*** RECORDS SUPPLIED ***

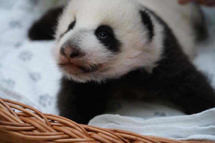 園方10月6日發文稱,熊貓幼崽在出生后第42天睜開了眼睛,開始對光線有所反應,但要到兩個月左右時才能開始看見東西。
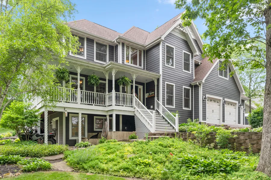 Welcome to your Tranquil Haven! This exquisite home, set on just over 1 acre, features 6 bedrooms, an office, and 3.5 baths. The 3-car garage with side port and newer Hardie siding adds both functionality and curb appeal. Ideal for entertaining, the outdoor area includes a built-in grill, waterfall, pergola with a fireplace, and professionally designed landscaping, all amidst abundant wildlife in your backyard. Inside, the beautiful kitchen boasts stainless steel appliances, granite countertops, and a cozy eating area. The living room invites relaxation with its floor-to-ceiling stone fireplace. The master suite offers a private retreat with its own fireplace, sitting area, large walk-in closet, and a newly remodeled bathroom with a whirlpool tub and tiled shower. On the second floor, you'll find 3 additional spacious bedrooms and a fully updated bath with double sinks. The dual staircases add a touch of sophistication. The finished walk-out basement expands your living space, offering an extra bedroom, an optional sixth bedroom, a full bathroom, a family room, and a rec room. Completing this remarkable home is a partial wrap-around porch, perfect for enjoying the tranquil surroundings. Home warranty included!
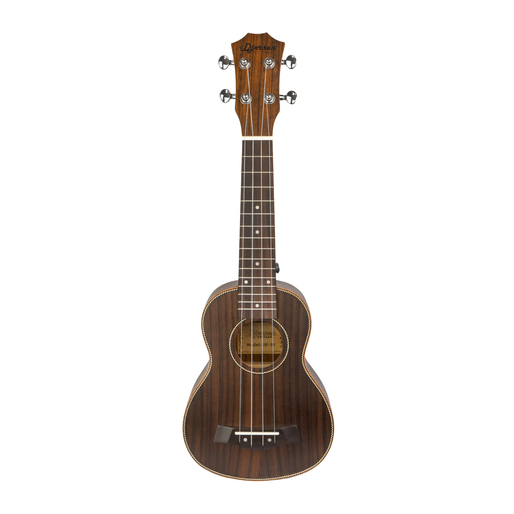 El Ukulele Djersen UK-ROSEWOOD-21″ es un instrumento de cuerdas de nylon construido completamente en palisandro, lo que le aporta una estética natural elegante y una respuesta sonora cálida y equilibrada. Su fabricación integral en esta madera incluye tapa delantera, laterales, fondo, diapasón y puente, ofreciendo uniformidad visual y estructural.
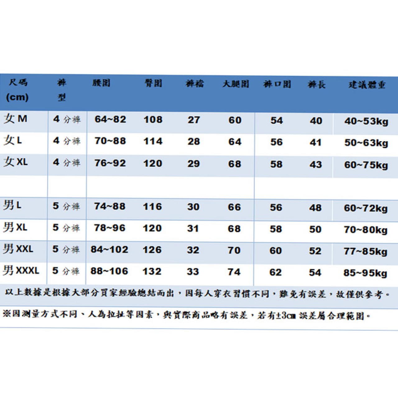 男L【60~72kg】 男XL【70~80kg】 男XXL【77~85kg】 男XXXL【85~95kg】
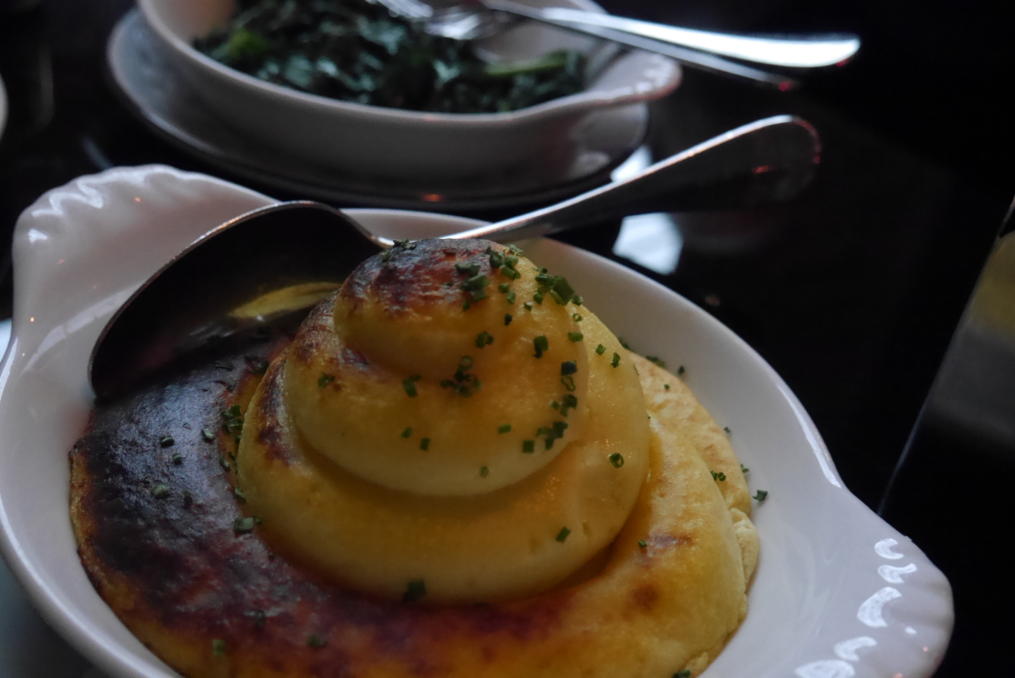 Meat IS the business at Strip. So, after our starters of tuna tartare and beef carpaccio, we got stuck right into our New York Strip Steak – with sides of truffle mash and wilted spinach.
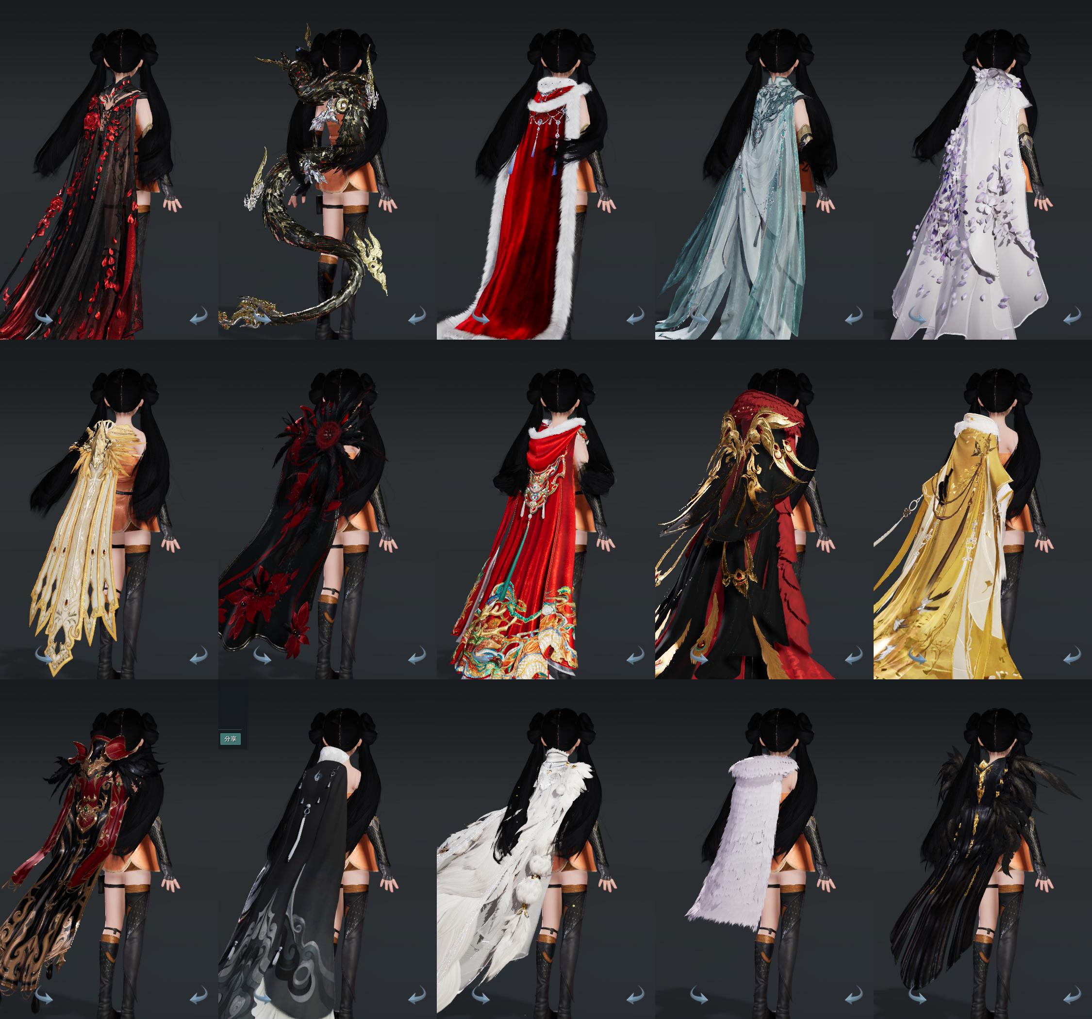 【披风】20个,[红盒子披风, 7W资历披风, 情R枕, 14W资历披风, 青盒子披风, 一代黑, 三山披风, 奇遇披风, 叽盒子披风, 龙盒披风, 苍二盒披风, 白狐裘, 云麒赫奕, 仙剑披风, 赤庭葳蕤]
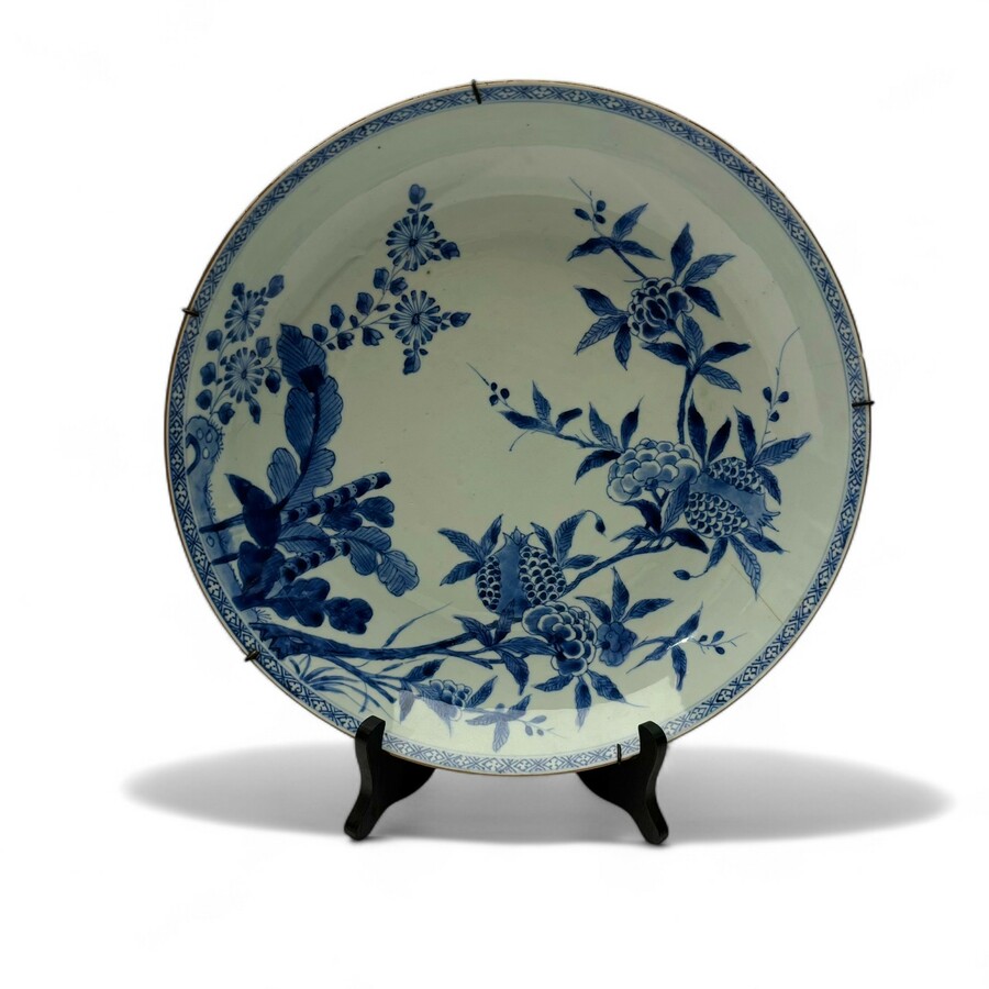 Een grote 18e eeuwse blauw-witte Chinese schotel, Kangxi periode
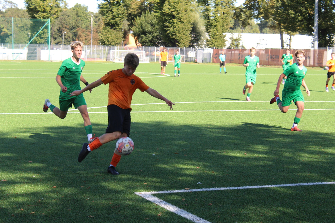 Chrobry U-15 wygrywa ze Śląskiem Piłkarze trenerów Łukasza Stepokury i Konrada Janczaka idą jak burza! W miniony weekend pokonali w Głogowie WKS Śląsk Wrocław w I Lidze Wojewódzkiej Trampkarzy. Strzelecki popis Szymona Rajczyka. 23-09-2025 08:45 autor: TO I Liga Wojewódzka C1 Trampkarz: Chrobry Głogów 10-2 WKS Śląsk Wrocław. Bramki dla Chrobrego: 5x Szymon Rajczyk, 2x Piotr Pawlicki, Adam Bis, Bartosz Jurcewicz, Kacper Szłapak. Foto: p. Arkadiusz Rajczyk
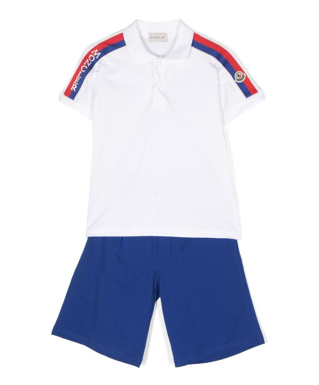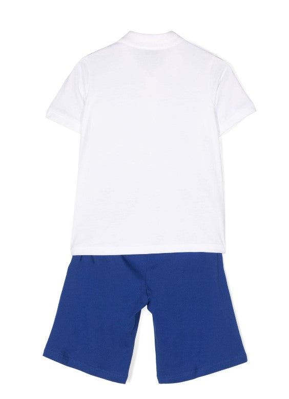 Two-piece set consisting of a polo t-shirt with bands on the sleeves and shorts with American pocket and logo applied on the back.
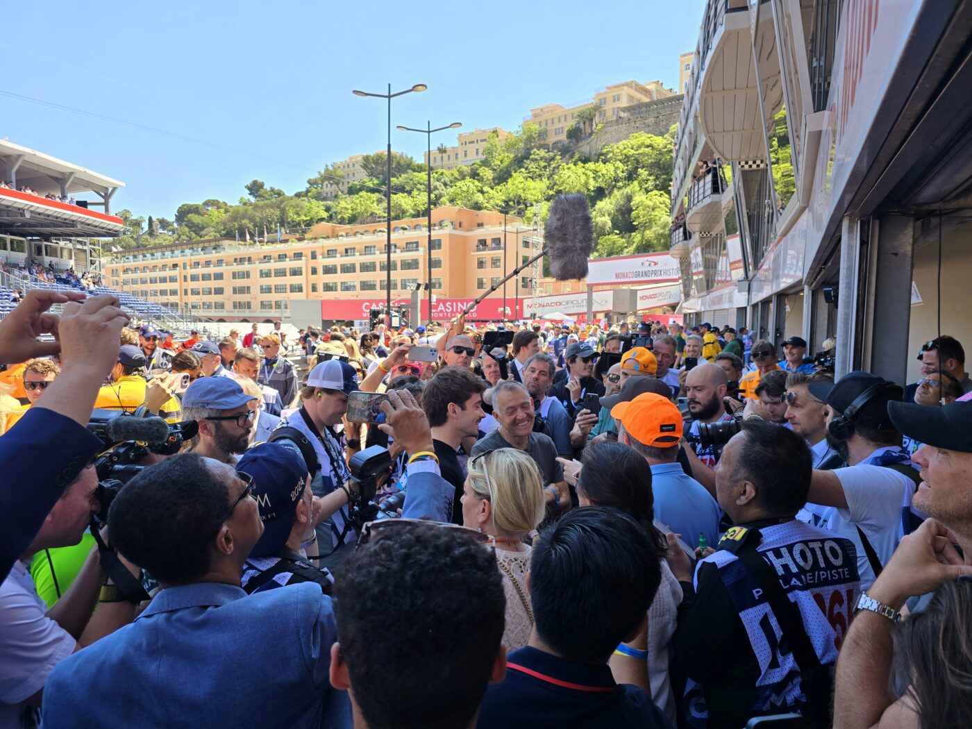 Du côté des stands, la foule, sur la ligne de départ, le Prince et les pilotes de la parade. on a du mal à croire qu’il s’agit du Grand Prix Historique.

*** End of RECORDS SUPPLIED ***

(EXERCISE DIRECTIONS) In your copy of the entries above, leave out the pictures and keep every word exact.

(ANSWER BELOW)
 園方10月6日發文稱,熊貓幼崽在出生后第42天睜開了眼睛,開始對光線有所反應,但要到兩個月左右時才能開始看見東西。
 Welcome to your Tranquil Haven! This exquisite home, set on just over 1 acre, features 6 bedrooms, an office, and 3.5 baths. The 3-car garage with side port and newer Hardie siding adds both functionality and curb appeal. Ideal for entertaining, the outdoor area includes a built-in grill, waterfall, pergola with a fireplace, and professionally designed landscaping, all amidst abundant wildlife in your backyard. Inside, the beautiful kitchen boasts stainless steel appliances, granite countertops, and a cozy eating area. The living room invites relaxation with its floor-to-ceiling stone fireplace. The master suite offers a private retreat with its own fireplace, sitting area, large walk-in closet, and a newly remodeled bathroom with a whirlpool tub and tiled shower. On the second floor, you'll find 3 additional spacious bedrooms and a fully updated bath with double sinks. The dual staircases add a touch of sophistication. The finished walk-out basement expands your living space, offering an extra bedroom, an optional sixth bedroom, a full bathroom, a family room, and a rec room. Completing this remarkable home is a partial wrap-around porch, perfect for enjoying the tranquil surroundings. Home warranty included!
 El Ukulele Djersen UK-ROSEWOOD-21″ es un instrumento de cuerdas de nylon construido completamente en palisandro, lo que le aporta una estética natural elegante y una respuesta sonora cálida y equilibrada. Su fabricación integral en esta madera incluye tapa delantera, laterales, fondo, diapasón y puente, ofreciendo uniformidad visual y estructural.
 男L【60~72kg】 男XL【70~80kg】 男XXL【77~85kg】 男XXXL【85~95kg】
 Meat IS the business at Strip. So, after our starters of tuna tartare and beef carpaccio, we got stuck right into our New York Strip Steak – with sides of truffle mash and wilted spinach.
 【披风】20个,[红盒子披风, 7W资历披风, 情R枕, 14W资历披风, 青盒子披风, 一代黑, 三山披风, 奇遇披风, 叽盒子披风, 龙盒披风, 苍二盒披风, 白狐裘, 云麒赫奕, 仙剑披风, 赤庭葳蕤]
 Een grote 18e eeuwse blauw-witte Chinese schotel, Kangxi periode
 Chrobry U-15 wygrywa ze Śląskiem Piłkarze trenerów Łukasza Stepokury i Konrada Janczaka idą jak burza! W miniony weekend pokonali w Głogowie WKS Śląsk Wrocław w I Lidze Wojewódzkiej Trampkarzy. Strzelecki popis Szymona Rajczyka. 23-09-2025 08:45 autor: TO I Liga Wojewódzka C1 Trampkarz: Chrobry Głogów 10-2 WKS Śląsk Wrocław. Bramki dla Chrobrego: 5x Szymon Rajczyk, 2x Piotr Pawlicki, Adam Bis, Bartosz Jurcewicz, Kacper Szłapak. Foto: p. Arkadiusz Rajczyk
 Two-piece set consisting of a polo t-shirt with bands on the sleeves and shorts with American pocket and logo applied on the back.
 Du côté des stands, la foule, sur la ligne de départ, le Prince et les pilotes de la parade. on a du mal à croire qu’il s’agit du Grand Prix Historique.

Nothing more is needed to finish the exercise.